PV-RCNN++: LiDAR 3D Object Detection

Updated 20 January 2026

The paper presents PV-RCNN++ with novel point-voxel fusion strategies and efficient sampling techniques, significantly improving detection speed and precision.
It employs a two-stage architecture that leverages both global voxel features and fine-grained point details through methods like VectorPool and attention-based aggregation.
Empirical results on Waymo and KITTI datasets demonstrate enhanced mAP and FPS while effectively addressing spatial sparsity and foreground-background imbalances.

PV-RCNN++ refers to a class of LiDAR-based 3D object detectors that advance the PV-RCNN paradigm via improved point-voxel feature integration, efficient sampling strategies, and enhanced local and non-local feature aggregation. Across prominent lineages, PV-RCNN++ methods achieve state-of-the-art accuracy and efficiency by addressing the challenges of spatial sparsity, foreground-background imbalance, and real-time requirements on large-scale autonomous driving datasets. The two major published variants are: (1) PV-RCNN++ with Sectorized Proposal-Centric Sampling and VectorPool (Shi et al., 2021), and (2) PV-RCNN++ with Semantical Point-Voxel Feature Interaction (Wu et al., 2022). Both integrate a two-stage architecture, wherein proposal generation is separated from fine-grained box refinement, utilizing both sparse-voxel CNN backbones and pointwise set abstraction modules for multi-scale feature fusion.

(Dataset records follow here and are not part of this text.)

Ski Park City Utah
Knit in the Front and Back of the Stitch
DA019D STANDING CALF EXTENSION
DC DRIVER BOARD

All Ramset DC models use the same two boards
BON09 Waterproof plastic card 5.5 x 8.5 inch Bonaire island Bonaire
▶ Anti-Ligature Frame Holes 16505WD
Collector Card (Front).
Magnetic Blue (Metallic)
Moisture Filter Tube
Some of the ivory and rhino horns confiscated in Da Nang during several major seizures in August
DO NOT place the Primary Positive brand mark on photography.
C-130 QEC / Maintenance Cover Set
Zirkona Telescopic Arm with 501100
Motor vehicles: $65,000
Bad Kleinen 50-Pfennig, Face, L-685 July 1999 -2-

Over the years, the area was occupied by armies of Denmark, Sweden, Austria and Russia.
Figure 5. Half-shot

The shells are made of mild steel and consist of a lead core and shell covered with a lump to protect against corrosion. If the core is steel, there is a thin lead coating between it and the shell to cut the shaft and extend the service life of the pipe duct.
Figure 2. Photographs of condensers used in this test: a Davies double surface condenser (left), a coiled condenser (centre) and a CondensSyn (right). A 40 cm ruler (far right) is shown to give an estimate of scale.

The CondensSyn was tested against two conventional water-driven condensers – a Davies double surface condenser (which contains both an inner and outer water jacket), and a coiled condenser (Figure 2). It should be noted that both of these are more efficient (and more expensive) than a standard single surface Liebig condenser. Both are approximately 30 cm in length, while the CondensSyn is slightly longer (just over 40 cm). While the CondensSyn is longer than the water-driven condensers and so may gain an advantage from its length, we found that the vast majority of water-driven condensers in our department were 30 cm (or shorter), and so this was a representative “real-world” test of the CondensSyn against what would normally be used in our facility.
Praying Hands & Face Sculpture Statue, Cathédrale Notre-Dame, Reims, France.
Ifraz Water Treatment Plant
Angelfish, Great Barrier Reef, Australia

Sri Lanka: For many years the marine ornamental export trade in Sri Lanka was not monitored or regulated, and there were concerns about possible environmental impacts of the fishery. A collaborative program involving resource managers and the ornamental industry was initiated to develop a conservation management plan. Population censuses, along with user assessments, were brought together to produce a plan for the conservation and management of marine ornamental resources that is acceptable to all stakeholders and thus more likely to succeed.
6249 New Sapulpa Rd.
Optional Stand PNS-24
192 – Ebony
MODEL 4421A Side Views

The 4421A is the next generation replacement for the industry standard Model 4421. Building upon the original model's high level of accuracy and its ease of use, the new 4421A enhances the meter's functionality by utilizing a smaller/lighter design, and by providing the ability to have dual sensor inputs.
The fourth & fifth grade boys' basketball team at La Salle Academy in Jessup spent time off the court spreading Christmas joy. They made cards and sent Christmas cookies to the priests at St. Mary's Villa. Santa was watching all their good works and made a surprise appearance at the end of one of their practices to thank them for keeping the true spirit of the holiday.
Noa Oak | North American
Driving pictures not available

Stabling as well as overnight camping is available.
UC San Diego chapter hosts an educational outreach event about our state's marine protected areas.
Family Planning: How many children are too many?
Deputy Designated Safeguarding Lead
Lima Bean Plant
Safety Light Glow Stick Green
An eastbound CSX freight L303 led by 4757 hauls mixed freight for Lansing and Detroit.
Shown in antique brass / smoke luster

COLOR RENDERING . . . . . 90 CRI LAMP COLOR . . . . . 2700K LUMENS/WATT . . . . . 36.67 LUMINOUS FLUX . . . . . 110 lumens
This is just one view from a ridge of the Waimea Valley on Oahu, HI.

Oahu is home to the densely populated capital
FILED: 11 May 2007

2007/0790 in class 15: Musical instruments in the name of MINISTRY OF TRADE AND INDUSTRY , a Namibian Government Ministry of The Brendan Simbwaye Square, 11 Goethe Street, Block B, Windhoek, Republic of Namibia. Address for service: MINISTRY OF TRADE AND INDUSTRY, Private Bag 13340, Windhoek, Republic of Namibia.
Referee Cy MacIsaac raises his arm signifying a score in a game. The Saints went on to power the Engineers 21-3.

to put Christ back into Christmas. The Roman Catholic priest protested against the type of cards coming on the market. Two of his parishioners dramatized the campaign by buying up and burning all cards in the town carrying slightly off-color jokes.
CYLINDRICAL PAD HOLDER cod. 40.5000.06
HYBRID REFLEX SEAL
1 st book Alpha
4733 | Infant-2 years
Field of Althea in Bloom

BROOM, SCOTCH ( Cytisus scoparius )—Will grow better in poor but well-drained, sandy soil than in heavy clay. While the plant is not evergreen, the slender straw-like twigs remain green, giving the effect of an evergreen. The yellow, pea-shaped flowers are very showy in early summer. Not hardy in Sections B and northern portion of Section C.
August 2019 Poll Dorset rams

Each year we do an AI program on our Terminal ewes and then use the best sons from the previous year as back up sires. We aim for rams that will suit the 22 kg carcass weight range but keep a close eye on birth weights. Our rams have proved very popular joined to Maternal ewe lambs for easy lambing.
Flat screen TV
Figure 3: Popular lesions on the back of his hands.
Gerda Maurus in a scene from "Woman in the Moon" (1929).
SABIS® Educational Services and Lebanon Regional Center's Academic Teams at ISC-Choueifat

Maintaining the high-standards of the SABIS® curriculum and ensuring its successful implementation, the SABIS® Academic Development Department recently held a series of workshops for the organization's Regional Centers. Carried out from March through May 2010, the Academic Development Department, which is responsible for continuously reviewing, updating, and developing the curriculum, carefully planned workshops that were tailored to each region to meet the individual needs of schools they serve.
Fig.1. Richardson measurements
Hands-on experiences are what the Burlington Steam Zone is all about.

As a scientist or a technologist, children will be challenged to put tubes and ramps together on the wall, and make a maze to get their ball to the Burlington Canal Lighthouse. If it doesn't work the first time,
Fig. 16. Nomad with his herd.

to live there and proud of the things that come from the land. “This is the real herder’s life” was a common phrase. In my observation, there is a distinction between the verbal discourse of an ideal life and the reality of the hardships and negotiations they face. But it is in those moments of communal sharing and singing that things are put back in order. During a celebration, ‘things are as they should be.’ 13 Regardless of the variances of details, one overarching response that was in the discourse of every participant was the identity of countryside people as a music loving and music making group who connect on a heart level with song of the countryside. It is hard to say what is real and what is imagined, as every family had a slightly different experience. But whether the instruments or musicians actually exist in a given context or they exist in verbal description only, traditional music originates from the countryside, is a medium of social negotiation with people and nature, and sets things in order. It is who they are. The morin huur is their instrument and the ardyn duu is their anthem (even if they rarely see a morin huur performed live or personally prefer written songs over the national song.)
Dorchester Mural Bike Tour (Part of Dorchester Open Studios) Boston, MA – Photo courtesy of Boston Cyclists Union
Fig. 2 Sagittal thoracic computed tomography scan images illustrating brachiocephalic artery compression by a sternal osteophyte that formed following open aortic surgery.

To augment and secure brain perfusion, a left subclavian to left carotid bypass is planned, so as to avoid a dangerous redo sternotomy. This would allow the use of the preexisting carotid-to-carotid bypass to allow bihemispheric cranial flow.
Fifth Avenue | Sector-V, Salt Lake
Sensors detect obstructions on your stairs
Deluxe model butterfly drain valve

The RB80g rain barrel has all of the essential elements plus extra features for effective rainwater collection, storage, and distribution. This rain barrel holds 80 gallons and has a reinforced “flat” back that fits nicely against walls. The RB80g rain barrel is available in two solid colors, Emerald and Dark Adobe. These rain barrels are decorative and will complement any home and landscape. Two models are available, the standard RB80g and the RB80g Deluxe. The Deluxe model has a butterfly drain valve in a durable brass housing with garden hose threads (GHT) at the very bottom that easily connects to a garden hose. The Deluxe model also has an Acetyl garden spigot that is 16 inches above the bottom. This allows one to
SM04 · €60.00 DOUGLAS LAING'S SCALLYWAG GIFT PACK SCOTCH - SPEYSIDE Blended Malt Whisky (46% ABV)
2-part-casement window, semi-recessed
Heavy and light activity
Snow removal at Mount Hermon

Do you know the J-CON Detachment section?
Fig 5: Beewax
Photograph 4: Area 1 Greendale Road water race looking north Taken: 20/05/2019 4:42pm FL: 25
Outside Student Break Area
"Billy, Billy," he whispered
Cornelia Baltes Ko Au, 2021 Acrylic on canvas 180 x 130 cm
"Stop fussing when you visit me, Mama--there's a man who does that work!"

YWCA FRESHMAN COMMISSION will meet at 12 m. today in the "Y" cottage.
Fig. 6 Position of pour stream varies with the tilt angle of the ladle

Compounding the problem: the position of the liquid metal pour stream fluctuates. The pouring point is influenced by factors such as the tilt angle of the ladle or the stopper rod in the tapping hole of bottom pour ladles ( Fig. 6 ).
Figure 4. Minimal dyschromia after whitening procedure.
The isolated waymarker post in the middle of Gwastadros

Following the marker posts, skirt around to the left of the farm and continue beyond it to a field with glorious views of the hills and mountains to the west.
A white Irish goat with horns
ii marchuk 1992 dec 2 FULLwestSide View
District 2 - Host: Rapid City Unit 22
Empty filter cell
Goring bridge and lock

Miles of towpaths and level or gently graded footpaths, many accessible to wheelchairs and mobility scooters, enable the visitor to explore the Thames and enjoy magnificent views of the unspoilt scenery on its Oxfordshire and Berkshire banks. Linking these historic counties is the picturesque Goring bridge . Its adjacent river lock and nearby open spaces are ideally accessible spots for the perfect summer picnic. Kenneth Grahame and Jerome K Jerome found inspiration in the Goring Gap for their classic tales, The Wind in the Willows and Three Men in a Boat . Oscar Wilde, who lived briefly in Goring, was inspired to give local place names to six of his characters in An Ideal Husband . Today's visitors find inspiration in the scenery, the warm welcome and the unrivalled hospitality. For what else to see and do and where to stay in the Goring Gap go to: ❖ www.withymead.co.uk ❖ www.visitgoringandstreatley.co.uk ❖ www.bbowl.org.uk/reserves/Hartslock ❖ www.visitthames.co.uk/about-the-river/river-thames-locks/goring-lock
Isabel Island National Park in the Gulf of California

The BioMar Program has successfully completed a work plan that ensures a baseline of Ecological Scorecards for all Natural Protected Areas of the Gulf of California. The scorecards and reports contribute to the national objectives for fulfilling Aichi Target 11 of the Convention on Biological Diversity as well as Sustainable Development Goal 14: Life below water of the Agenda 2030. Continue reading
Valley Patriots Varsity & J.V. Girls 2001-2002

1. Two-Stage Network Architecture and Feature Intertwining

PV-RCNN++ operates in a two-stage regime. The raw point cloud $P = \{p_i \in \mathbb{R}^3\}_{i=1}^M$ is voxelized and processed with a 3D sparse convolutional backbone to generate multi-scale voxel features at four spatial resolutions (strides 1, 2, 4, 8). A region proposal network (RPN), typically anchor-based, produces candidate bounding boxes based on these bird’s-eye-view (BEV) representations.

Critical to the PV-RCNN family is the “deep feature intertwining” between point-based and voxel-based abstraction:

Voxel-to-Keypoint Scene Encoding (VSA): For each sampled keypoint $q_i$ , voxel features in a local radius are aggregated with positional offsets, passed through PointNet-style shared MLPs and max-pooling at multiple scales.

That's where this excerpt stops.